EXTRACTED RECORDS:
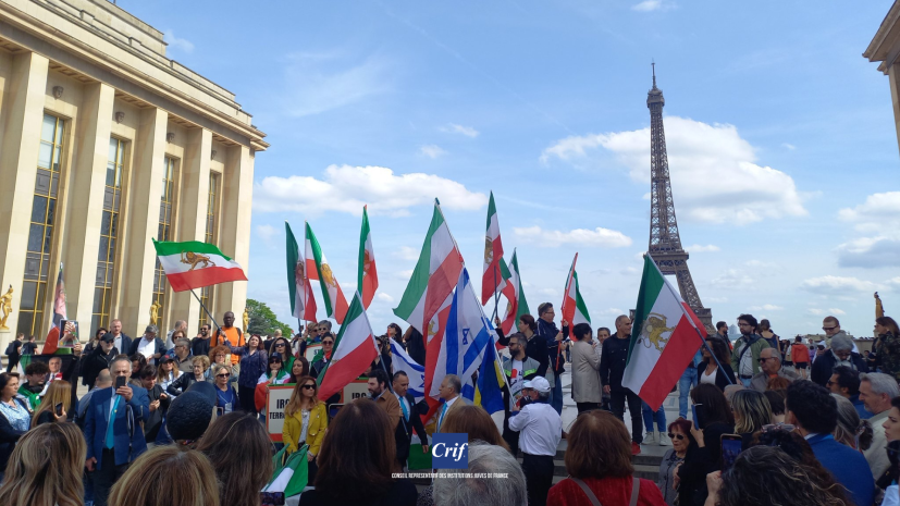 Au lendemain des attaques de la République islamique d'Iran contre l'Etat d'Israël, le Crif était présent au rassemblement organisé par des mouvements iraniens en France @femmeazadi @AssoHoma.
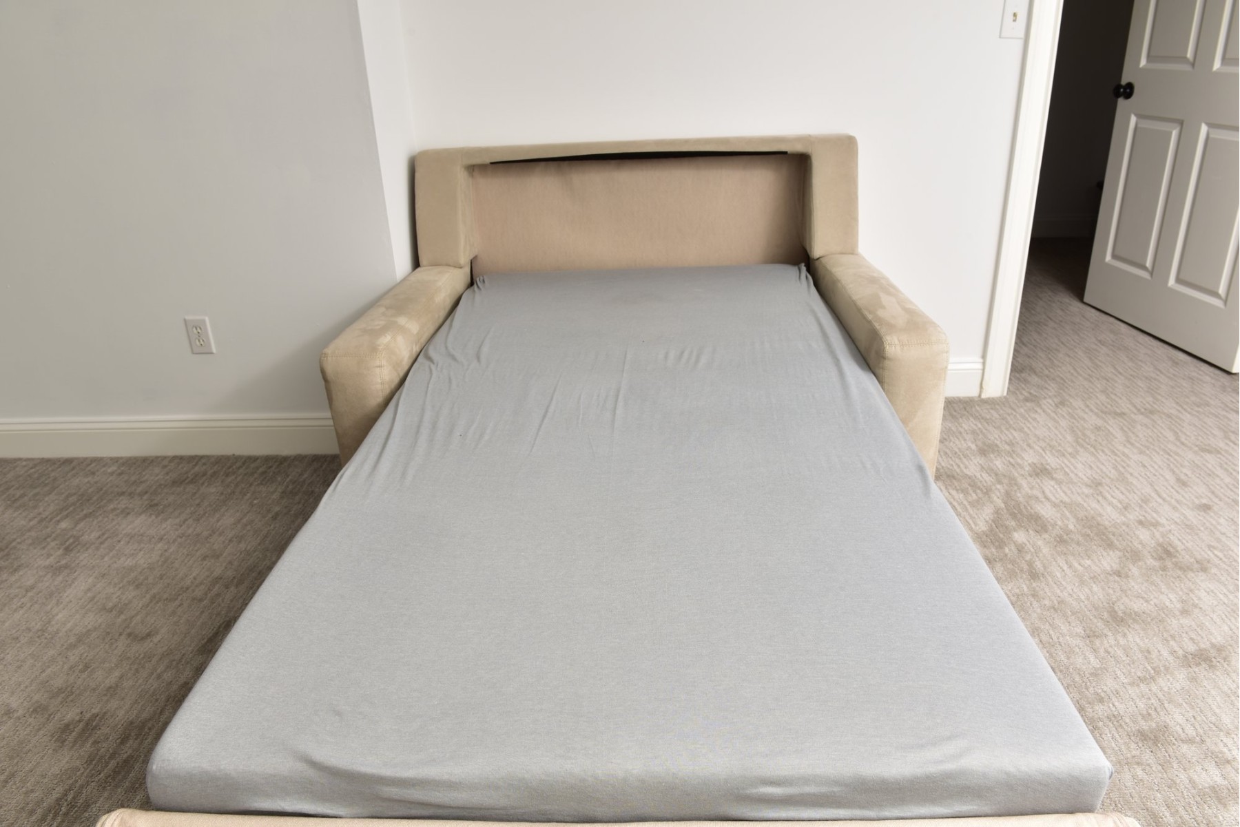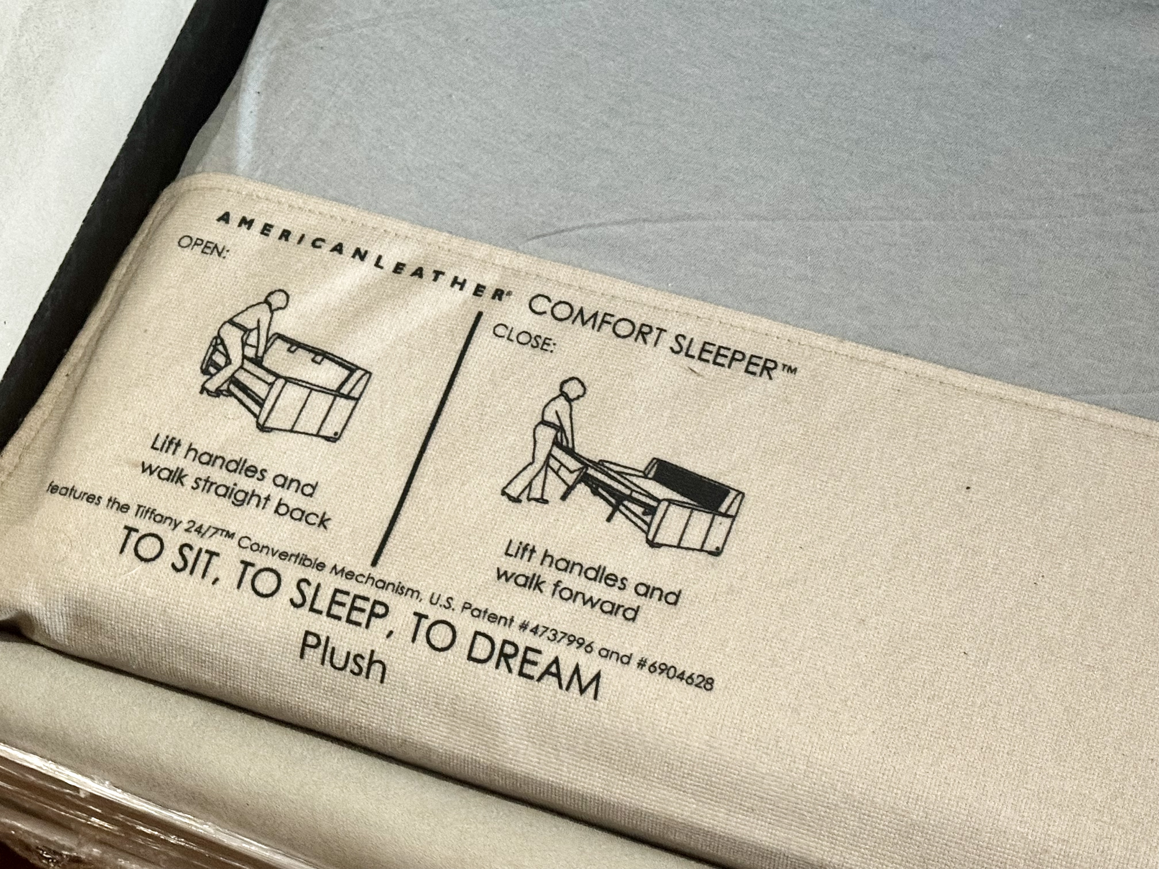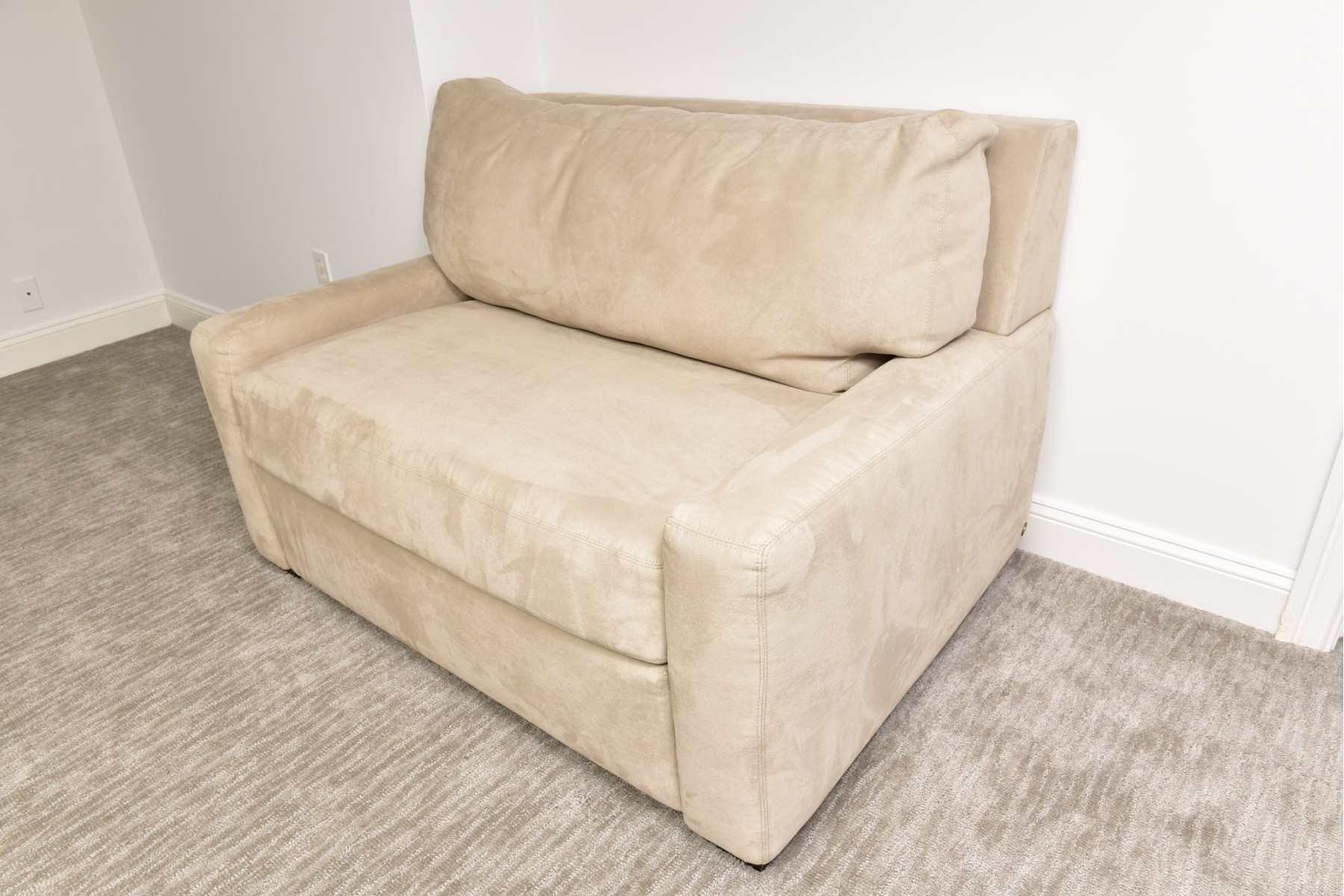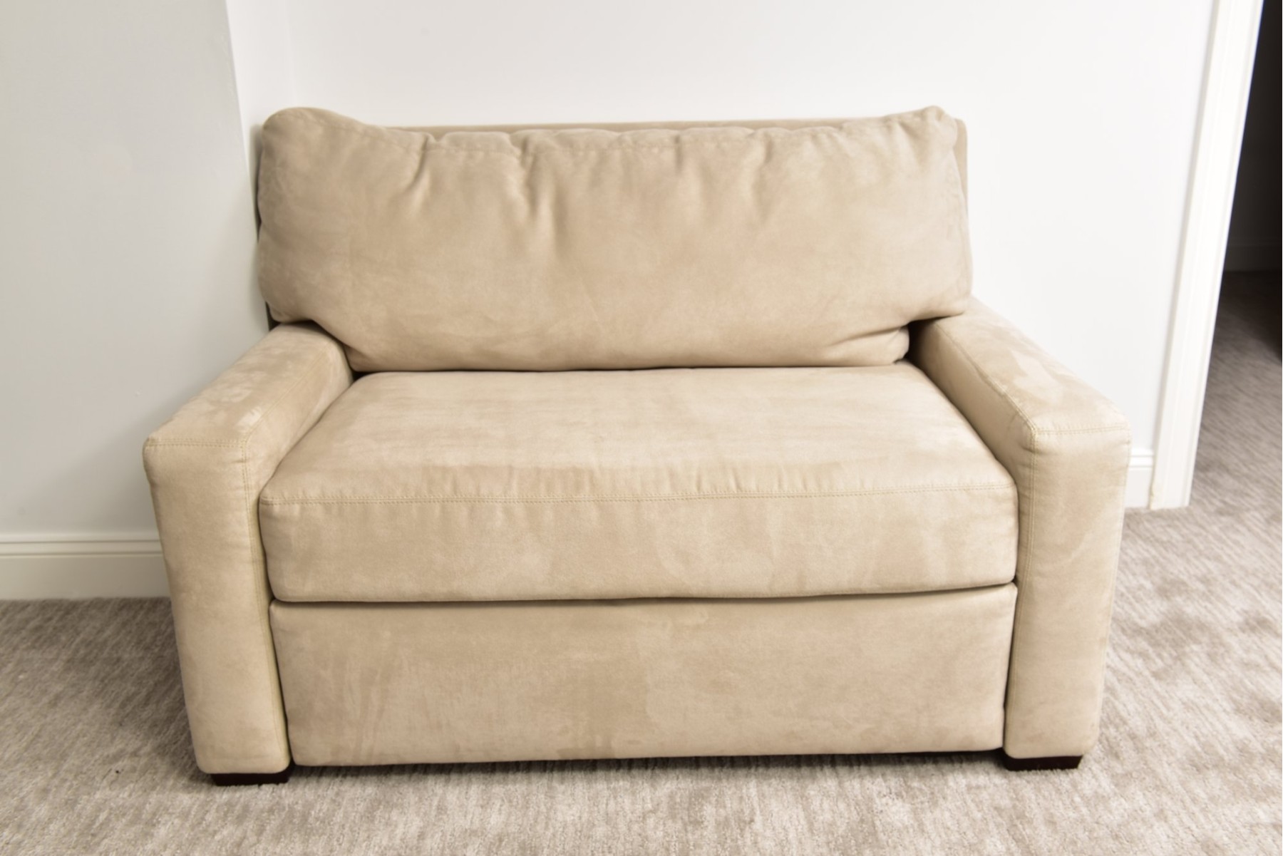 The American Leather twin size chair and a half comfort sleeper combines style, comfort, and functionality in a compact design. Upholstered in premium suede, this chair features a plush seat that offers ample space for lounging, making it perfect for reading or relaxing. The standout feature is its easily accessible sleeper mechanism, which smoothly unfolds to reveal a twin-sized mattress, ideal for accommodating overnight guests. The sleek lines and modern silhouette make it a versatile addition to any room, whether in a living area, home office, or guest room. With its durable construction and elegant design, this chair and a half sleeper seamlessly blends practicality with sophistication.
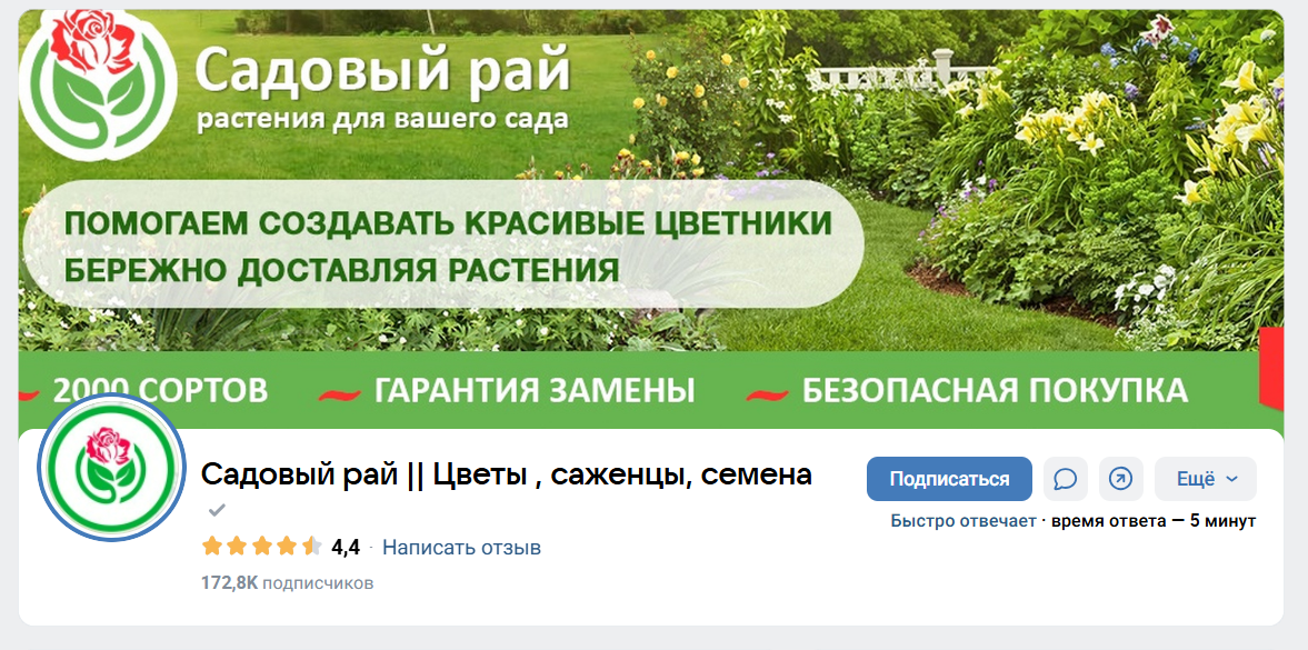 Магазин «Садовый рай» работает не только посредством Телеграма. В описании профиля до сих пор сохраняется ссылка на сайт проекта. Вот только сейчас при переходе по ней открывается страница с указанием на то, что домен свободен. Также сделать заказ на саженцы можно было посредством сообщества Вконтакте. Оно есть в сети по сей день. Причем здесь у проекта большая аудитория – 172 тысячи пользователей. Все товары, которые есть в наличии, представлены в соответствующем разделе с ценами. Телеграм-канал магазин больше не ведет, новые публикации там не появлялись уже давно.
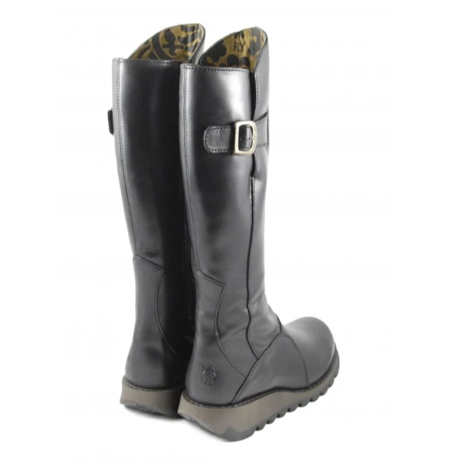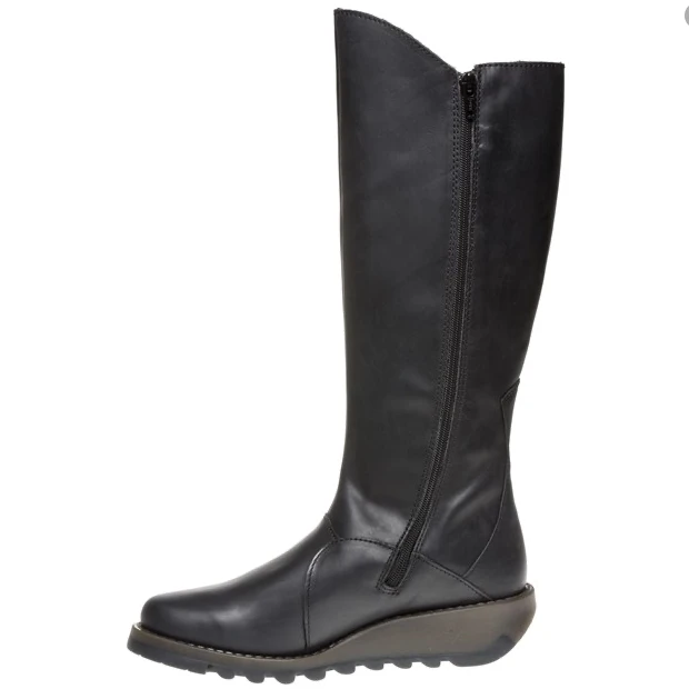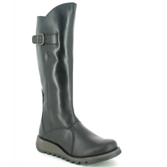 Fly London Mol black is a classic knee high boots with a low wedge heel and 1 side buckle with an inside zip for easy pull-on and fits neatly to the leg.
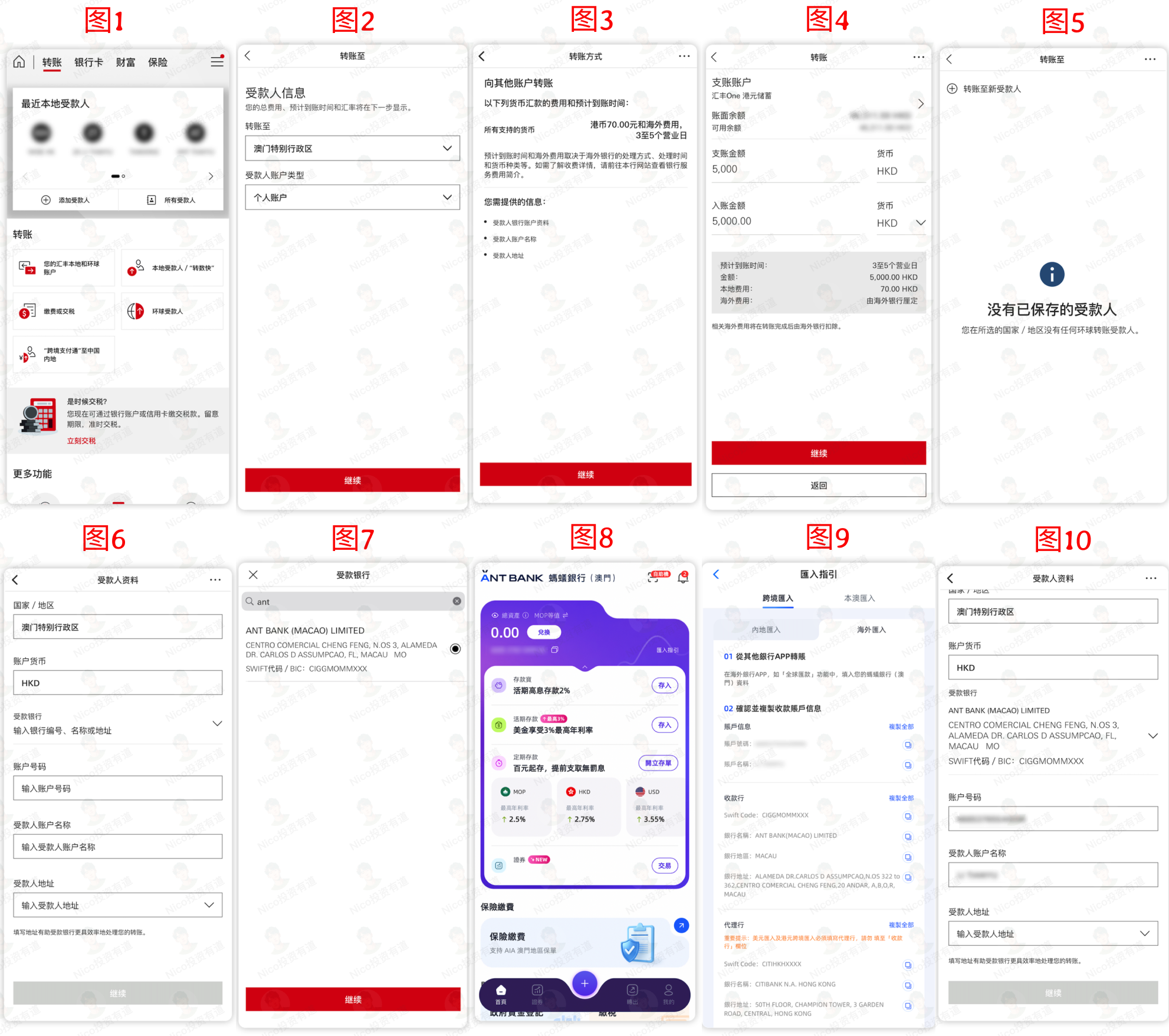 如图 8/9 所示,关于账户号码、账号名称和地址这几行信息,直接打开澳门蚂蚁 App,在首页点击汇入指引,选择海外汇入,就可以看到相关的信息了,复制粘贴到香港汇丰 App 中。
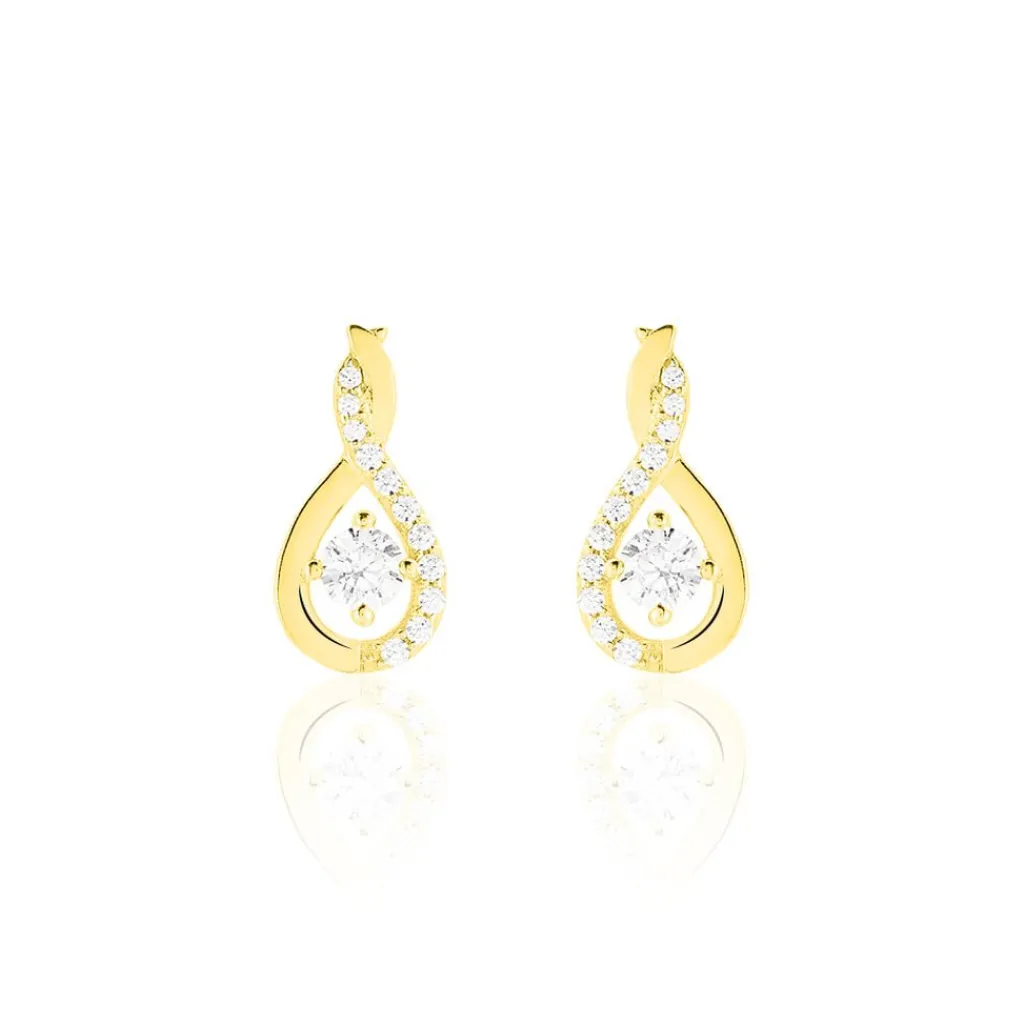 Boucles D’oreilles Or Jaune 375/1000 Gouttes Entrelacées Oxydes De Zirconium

ABOUT THIS TASK: Provide an exact copy of the records, excluding every picture.

RESULT OF THIS EXERCISE:
 Au lendemain des attaques de la République islamique d'Iran contre l'Etat d'Israël, le Crif était présent au rassemblement organisé par des mouvements iraniens en France @femmeazadi @AssoHoma.
 The American Leather twin size chair and a half comfort sleeper combines style, comfort, and functionality in a compact design. Upholstered in premium suede, this chair features a plush seat that offers ample space for lounging, making it perfect for reading or relaxing. The standout feature is its easily accessible sleeper mechanism, which smoothly unfolds to reveal a twin-sized mattress, ideal for accommodating overnight guests. The sleek lines and modern silhouette make it a versatile addition to any room, whether in a living area, home office, or guest room. With its durable construction and elegant design, this chair and a half sleeper seamlessly blends practicality with sophistication.
 Магазин «Садовый рай» работает не только посредством Телеграма. В описании профиля до сих пор сохраняется ссылка на сайт проекта. Вот только сейчас при переходе по ней открывается страница с указанием на то, что домен свободен. Также сделать заказ на саженцы можно было посредством сообщества Вконтакте. Оно есть в сети по сей день. Причем здесь у проекта большая аудитория – 172 тысячи пользователей. Все товары, которые есть в наличии, представлены в соответствующем разделе с ценами. Телеграм-канал магазин больше не ведет, новые публикации там не появлялись уже давно.
 Fly London Mol black is a classic knee high boots with a low wedge heel and 1 side buckle with an inside zip for easy pull-on and fits neatly to the leg.
 如图 8/9 所示,关于账户号码、账号名称和地址这几行信息,直接打开澳门蚂蚁 App,在首页点击汇入指引,选择海外汇入,就可以看到相关的信息了,复制粘贴到香港汇丰 App 中。
 Boucles D’oreilles Or Jaune 375/1000 Gouttes Entrelacées Oxydes De Zirconium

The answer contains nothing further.